The printed result should hold only the lines from the opening of the data through the line bearing "If you want", exactly as given and without pictures.
[INFORMATION SHOWN]
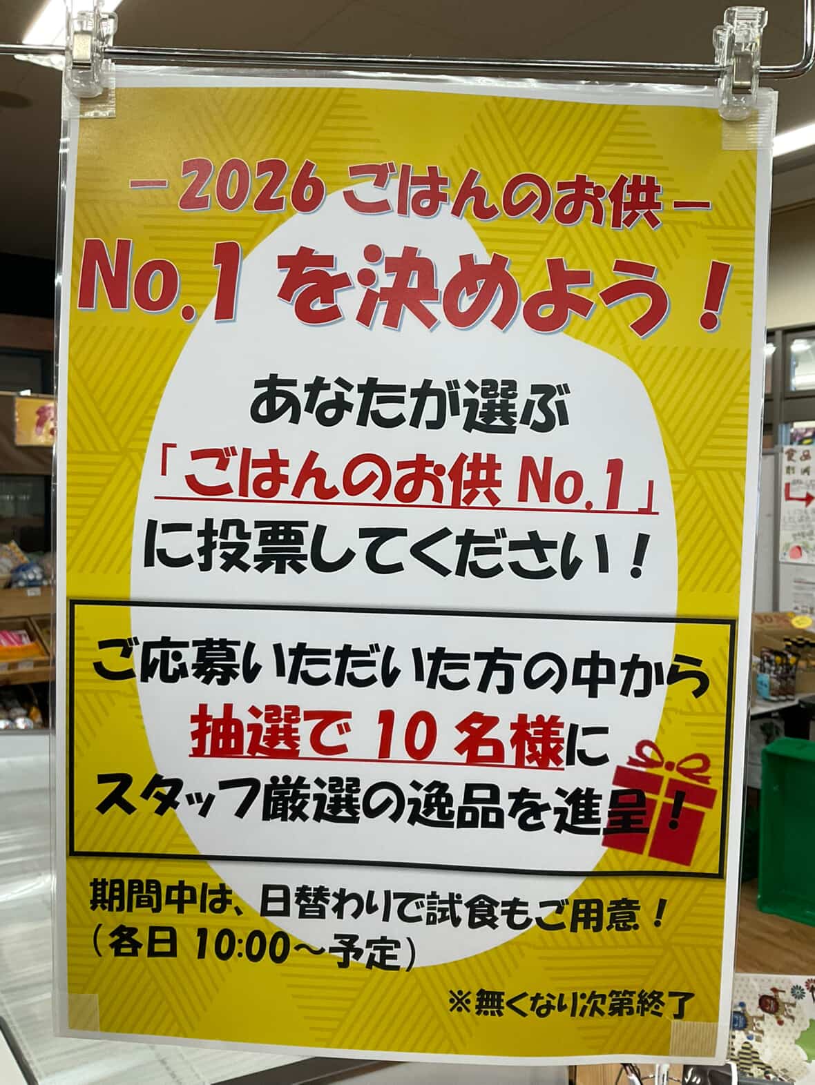 イベント 2026.01.30 ご飯のお供選手権2026開催! 毎年恒例!ご飯のお供選手権2026を開催しております。 キラキラスタッフが厳選したご飯の友にふさわしい商品がエントリー! 日替わりで試食もご用意しております。 エントリー商品の中から「食べてみたい」と思う商品にご投票いただくと、 抽選でプレゼントもございますので、ぜひご参加ください。 美味しいお米と一緒に、ご来店をお待ちしております! すべての記事一覧 イベント
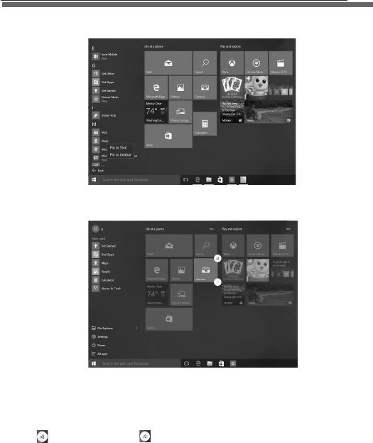 If you want to pin more application programs on the Start interface, press and
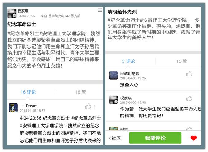 掌上清明活动是理学院首次使用校园微信平台开展主题教育活动。理学院各团支部负责人通过微信社区发布一个个革命英雄的故事,叙述中国革命的历史,赞颂革命英雄的伟大牺牲精神,并将中国革命精神与新时代的中国梦、社会主义核心价值观相联系,与青年大学生自身的成长成才相联系。学院青年团员积极参与到互动当中,通过校园微信平台发表评论、点赞。光电信息科学与工程14-1权家琪在微信中说道,“可爱的革命英雄:燃尽了自己的生命,保护了民族的子孙!巍然耸立的纪念碑凝聚着烈士们的奋斗历程和团结精神,革命英雄用他们的热血和身躯换来了中华民族的安定团结,铸造了新时代的中国梦,成就了当代青年们的远大理想。我们要铭记历史,学会感恩。”
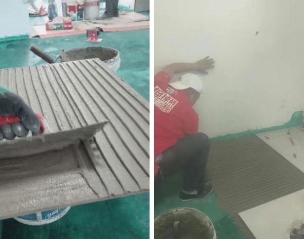 来,给大家展示下,我用地宝瓷砖胶铺贴客厅地砖的施工现场。整个过程下来,我觉得德高地宝瓷砖胶省时省力,批刮流畅也很满浆,还有就是柔韧性、抗压性很给力。
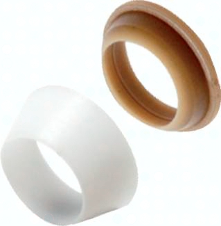 Werkstoffe: PA (Polyamid), PP (Polypropylen), PVDF (Polyvinylidenfluorid), PFA (PTFE) Einsatzgebiet und allgemeine chemische Resistenzen PA: Einsatz in der Pneumatik sowie für Wasser. Die chemische Beständigkeit ist gut gegenüber Benzin, Diesel, Heizöl, Alkalien. PP: Widerstandsfähig gegen wässrige Lösungen von Säuren, Laugen und Salzen, sowie einer großen Zahl organischer Lösungsmittel. Ungeeignet für konzentrierte oxydierende Säuren. PVDF: Widerstandsfähig gegen Säuren, Salzlösungen, aliphatische, aromatische und chlorierte Kohlenwasserstoffe, Alkohole und Halogene. Bedingt verwendbar für Ketone, Ester, Äther, organische Basen und Alkalilaugen. PFA: Widerstandsfähig gegen fast alle Chemikalien. Betriebstemperatur: PA: bis max. +80°C, PP: bis max. +90°C, PVDF: -40°C bis max. +140°C, PFA: bis max. +250°C PN (bei +20°C): 10 bar Anschlussprinzip "1" für Schläuche (nicht für PTFE-Schläuche): PA, PP, PVDF: Der Schlauch wird über die feste Schlauchtülle in die Verschraubung geschoben und mit einem elastischen Klemmring durch Anziehen der Rändelmutter arretiert. Der elastische Klemmring ermöglicht es, innerhalb der gleichen Verschraubung mehrmals verwendet zu werden. Das bedeutet, die Verschraubung kann gelöst werden und mit dem gleichen Klemmring wieder dicht geschlossen werden. Alle Gewinde und Schlauchtüllen (für Schlauchaufnahme) sind nahtfrei. Anschlussprinzip "2" für Schläuche (auch für PTFE-Schläuche): PFA: Der Schlauch wird über die feste Schlauchtülle in die Verschraubung geschoben und mit einer Schneid-Dichtring-Kombination durch Anziehen der Rändelmutter arretiert. Alle Gewinde und Schlauchtüllen (für Schlauchaufnahme) sind nahtfrei. *Bei PFA- und PTFE-Schläuchen empfehlen wir einen Austausch des Klemmrings gegen eine Schneid- und Dichtringkombination (KL..PP), **Rändelmutter und Klemmring in PP, ***Grundmaterial FDA-zugelassen
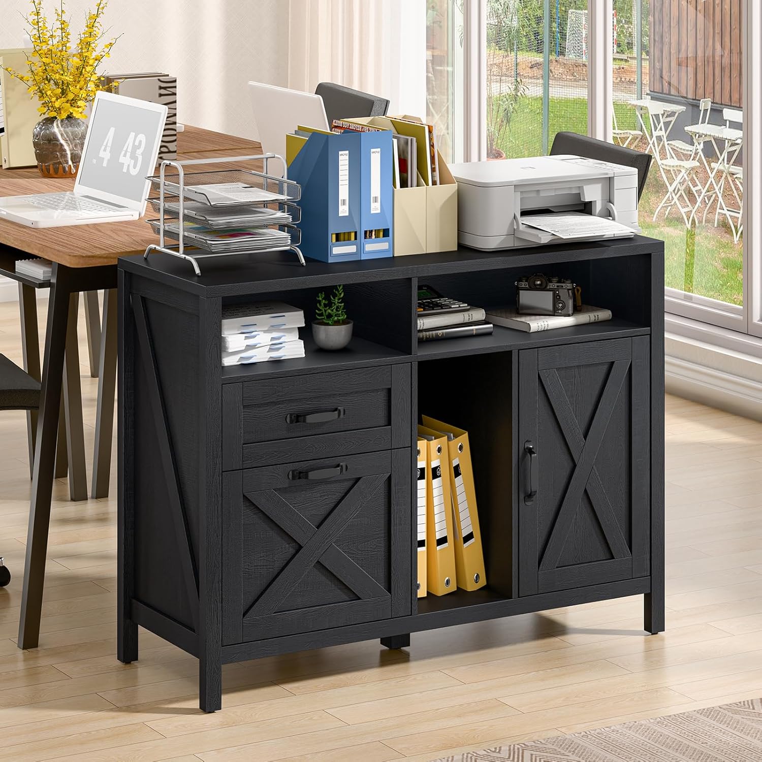 - ăVersatile File CabinetăThe wide filing cabinet with open storage shelves and file drawers for different organizing needs. The spacious desktop is ideal for office equipment such as printers and scanners
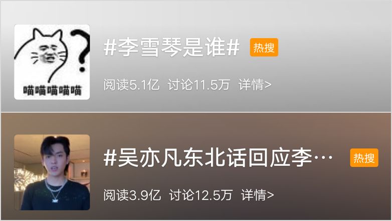 一时间 #李雪琴是谁# 和#吴亦凡东北话回应李雪琴#两个话题迅速蹿上了微博热搜,通过自我介绍就召唤出了爱豆,称得上是“追星锦鲤”了。
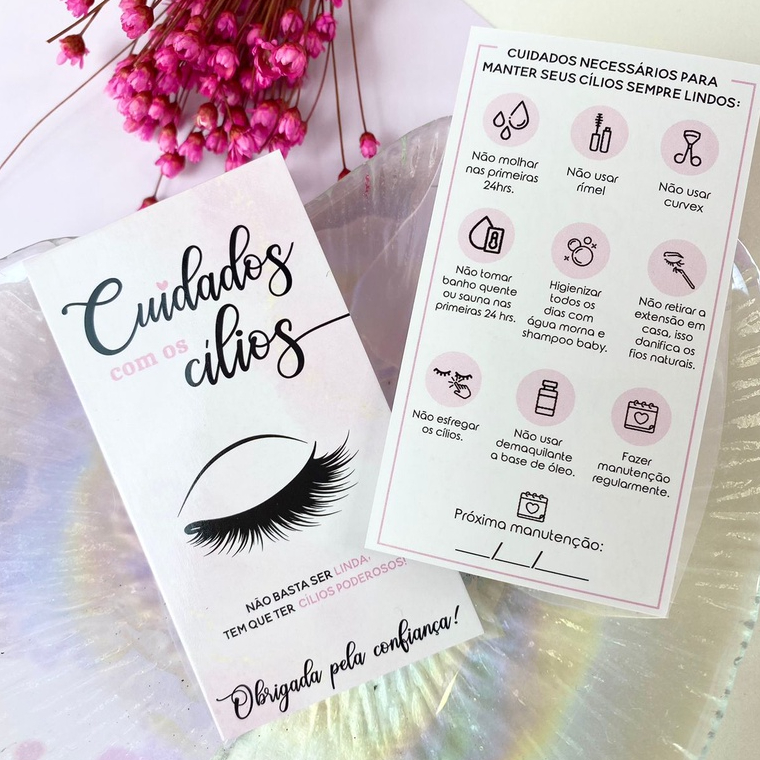 Cartão Tag Cuidado com Cilios e extensão de cilios para clientes 50un 100un 5x9
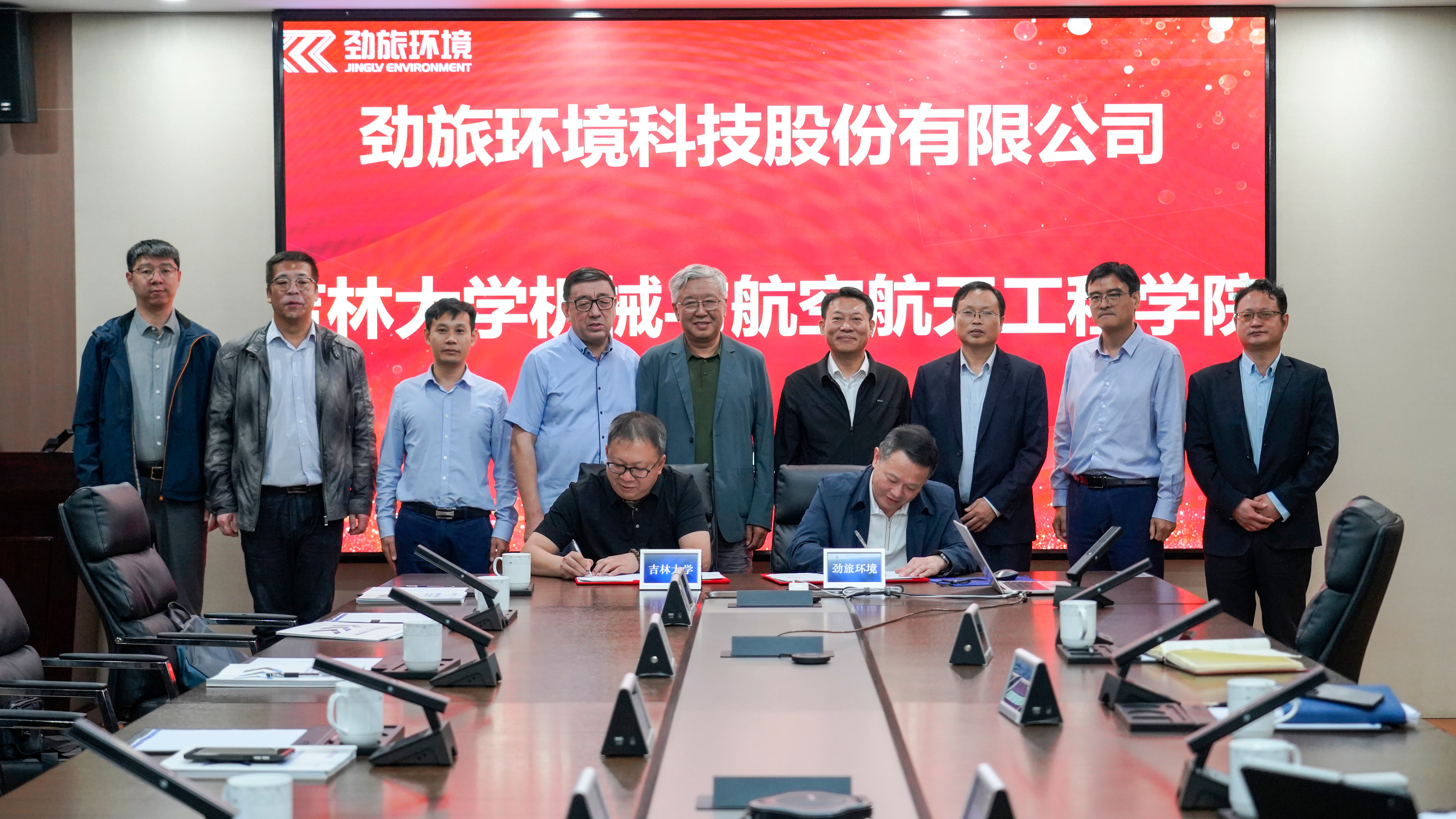 党委副书记丁连涛与劲旅环境执行董事长王传华分别代表双方签署《战略合作框架协议》。学院机械电子工程系教授刘昕晖、力学系主任周立明、航空航天工程研究院综合办主任李佳亮,劲旅环境董事会秘书杨晶晶、副总经理郑磊、装备事业部副总经理徐志汉共同见证签约。
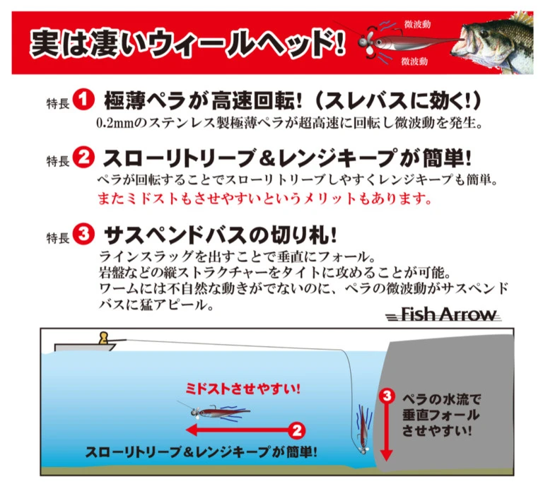 Angenommen als „Feco“ zertifiziertes Produkt, gesponsert von JB und NBC (Japan Bass Producers Association)! Revolutionärer Jigkopf, der sowohl beim Fallen als auch beim Schwimmen automatisch Fische anlockt! Dieser Jigkopf mit Propeller (PAT.P) kann in allen Tiefen und sogar in Deckung verwendet werden.Passend für Jigs zwischen ca. 7 cm und 11 cm!
[/INFORMATION SHOWN]
**RESPONSE BOX:**
 イベント 2026.01.30 ご飯のお供選手権2026開催! 毎年恒例!ご飯のお供選手権2026を開催しております。 キラキラスタッフが厳選したご飯の友にふさわしい商品がエントリー! 日替わりで試食もご用意しております。 エントリー商品の中から「食べてみたい」と思う商品にご投票いただくと、 抽選でプレゼントもございますので、ぜひご参加ください。 美味しいお米と一緒に、ご来店をお待ちしております! すべての記事一覧 イベント
 If you want to pin more application programs on the Start interface, press and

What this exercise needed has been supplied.